* _WHAT TO PRODUCE_
Reproduce the listing in full. Omit the pictures.

* _DATASET SECTION_
★ ★ ★ ★ ★ ★ ★

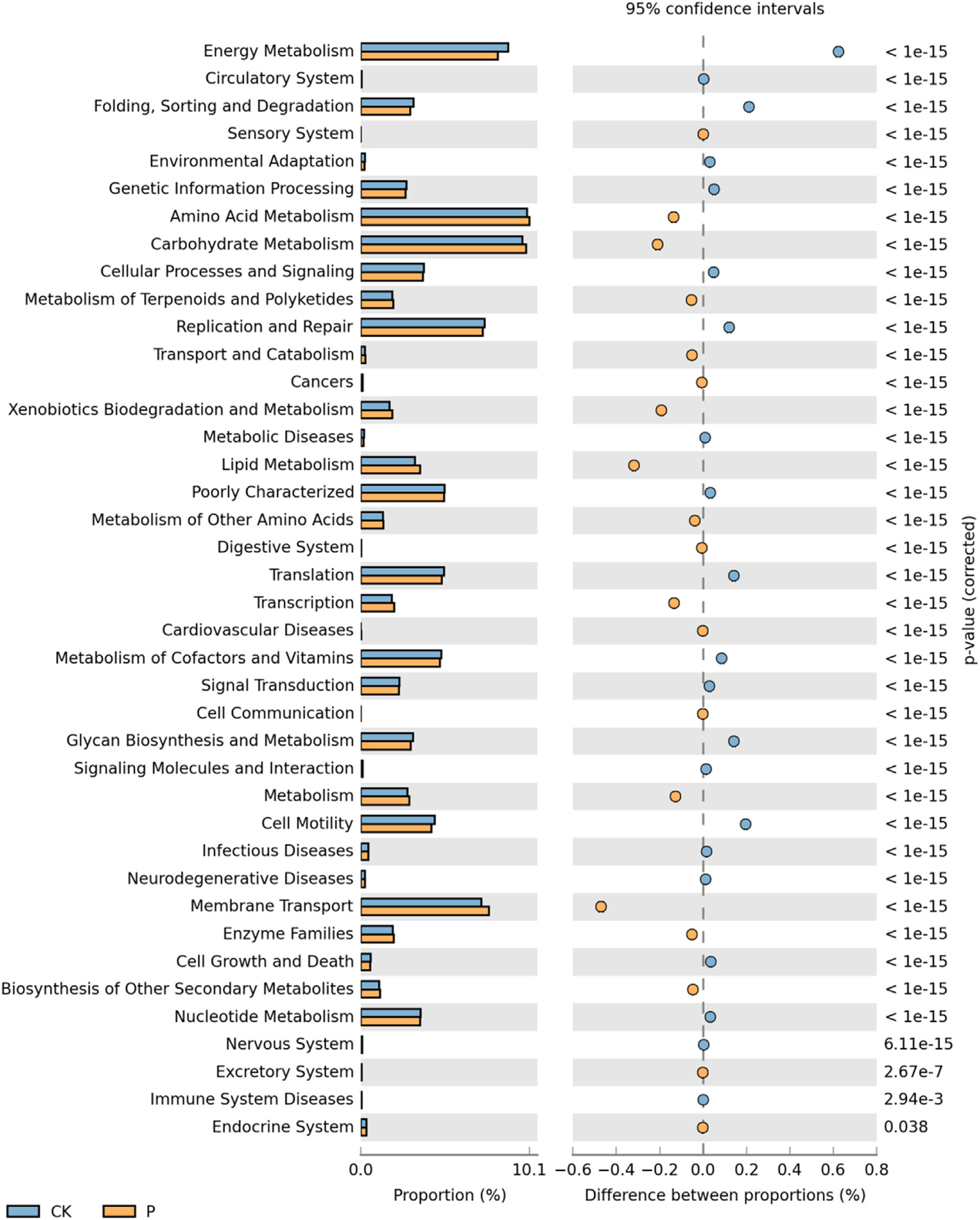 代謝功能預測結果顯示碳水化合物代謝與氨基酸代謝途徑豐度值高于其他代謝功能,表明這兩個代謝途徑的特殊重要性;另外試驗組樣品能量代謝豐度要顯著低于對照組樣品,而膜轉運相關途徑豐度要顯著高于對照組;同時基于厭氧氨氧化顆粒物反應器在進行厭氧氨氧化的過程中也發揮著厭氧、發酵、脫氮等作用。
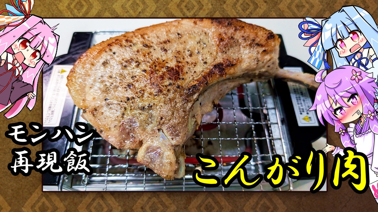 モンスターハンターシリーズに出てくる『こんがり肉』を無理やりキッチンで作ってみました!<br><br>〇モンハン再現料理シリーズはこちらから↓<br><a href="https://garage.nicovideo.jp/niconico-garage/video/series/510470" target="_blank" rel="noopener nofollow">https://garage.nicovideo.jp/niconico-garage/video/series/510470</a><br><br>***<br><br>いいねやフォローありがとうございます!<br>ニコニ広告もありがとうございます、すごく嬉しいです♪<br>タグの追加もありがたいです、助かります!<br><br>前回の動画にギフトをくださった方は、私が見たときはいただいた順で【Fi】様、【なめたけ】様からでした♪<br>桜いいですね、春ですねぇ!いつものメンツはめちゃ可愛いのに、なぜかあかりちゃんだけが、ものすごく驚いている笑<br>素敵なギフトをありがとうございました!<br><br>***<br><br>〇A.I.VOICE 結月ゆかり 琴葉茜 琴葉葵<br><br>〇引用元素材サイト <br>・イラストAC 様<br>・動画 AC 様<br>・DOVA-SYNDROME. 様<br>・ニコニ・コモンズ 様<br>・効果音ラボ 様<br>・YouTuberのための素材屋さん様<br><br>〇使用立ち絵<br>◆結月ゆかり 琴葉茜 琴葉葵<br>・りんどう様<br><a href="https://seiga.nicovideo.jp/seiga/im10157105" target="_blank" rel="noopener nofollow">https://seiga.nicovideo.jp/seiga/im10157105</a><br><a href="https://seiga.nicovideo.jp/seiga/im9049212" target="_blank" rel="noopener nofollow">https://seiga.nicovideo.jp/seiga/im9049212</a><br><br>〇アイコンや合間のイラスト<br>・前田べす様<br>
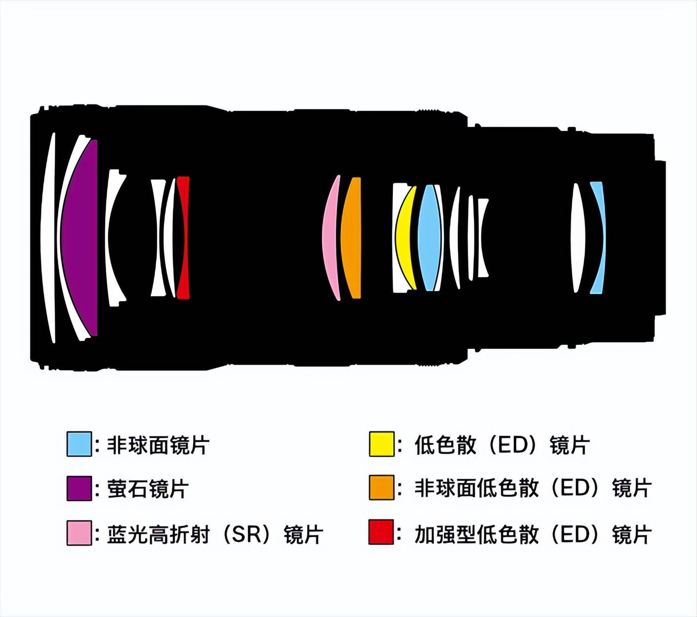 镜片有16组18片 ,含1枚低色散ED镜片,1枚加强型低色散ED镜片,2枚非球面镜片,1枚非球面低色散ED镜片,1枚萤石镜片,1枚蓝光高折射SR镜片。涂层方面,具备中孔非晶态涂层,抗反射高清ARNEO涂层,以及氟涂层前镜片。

★ ★ ★ ★ ★ ★ ★

* _RESPONSE TO THIS TASK_
 代謝功能預測結果顯示碳水化合物代謝與氨基酸代謝途徑豐度值高于其他代謝功能,表明這兩個代謝途徑的特殊重要性;另外試驗組樣品能量代謝豐度要顯著低于對照組樣品,而膜轉運相關途徑豐度要顯著高于對照組;同時基于厭氧氨氧化顆粒物反應器在進行厭氧氨氧化的過程中也發揮著厭氧、發酵、脫氮等作用。
 モンスターハンターシリーズに出てくる『こんがり肉』を無理やりキッチンで作ってみました!<br><br>〇モンハン再現料理シリーズはこちらから↓<br><a href="https://garage.nicovideo.jp/niconico-garage/video/series/510470" target="_blank" rel="noopener nofollow">https://garage.nicovideo.jp/niconico-garage/video/series/510470</a><br><br>***<br><br>いいねやフォローありがとうございます!<br>ニコニ広告もありがとうございます、すごく嬉しいです♪<br>タグの追加もありがたいです、助かります!<br><br>前回の動画にギフトをくださった方は、私が見たときはいただいた順で【Fi】様、【なめたけ】様からでした♪<br>桜いいですね、春ですねぇ!いつものメンツはめちゃ可愛いのに、なぜかあかりちゃんだけが、ものすごく驚いている笑<br>素敵なギフトをありがとうございました!<br><br>***<br><br>〇A.I.VOICE 結月ゆかり 琴葉茜 琴葉葵<br><br>〇引用元素材サイト <br>・イラストAC 様<br>・動画 AC 様<br>・DOVA-SYNDROME. 様<br>・ニコニ・コモンズ 様<br>・効果音ラボ 様<br>・YouTuberのための素材屋さん様<br><br>〇使用立ち絵<br>◆結月ゆかり 琴葉茜 琴葉葵<br>・りんどう様<br><a href="https://seiga.nicovideo.jp/seiga/im10157105" target="_blank" rel="noopener nofollow">https://seiga.nicovideo.jp/seiga/im10157105</a><br><a href="https://seiga.nicovideo.jp/seiga/im9049212" target="_blank" rel="noopener nofollow">https://seiga.nicovideo.jp/seiga/im9049212</a><br><br>〇アイコンや合間のイラスト<br>・前田べす様<br>
 镜片有16组18片 ,含1枚低色散ED镜片,1枚加强型低色散ED镜片,2枚非球面镜片,1枚非球面低色散ED镜片,1枚萤石镜片,1枚蓝光高折射SR镜片。涂层方面,具备中孔非晶态涂层,抗反射高清ARNEO涂层,以及氟涂层前镜片。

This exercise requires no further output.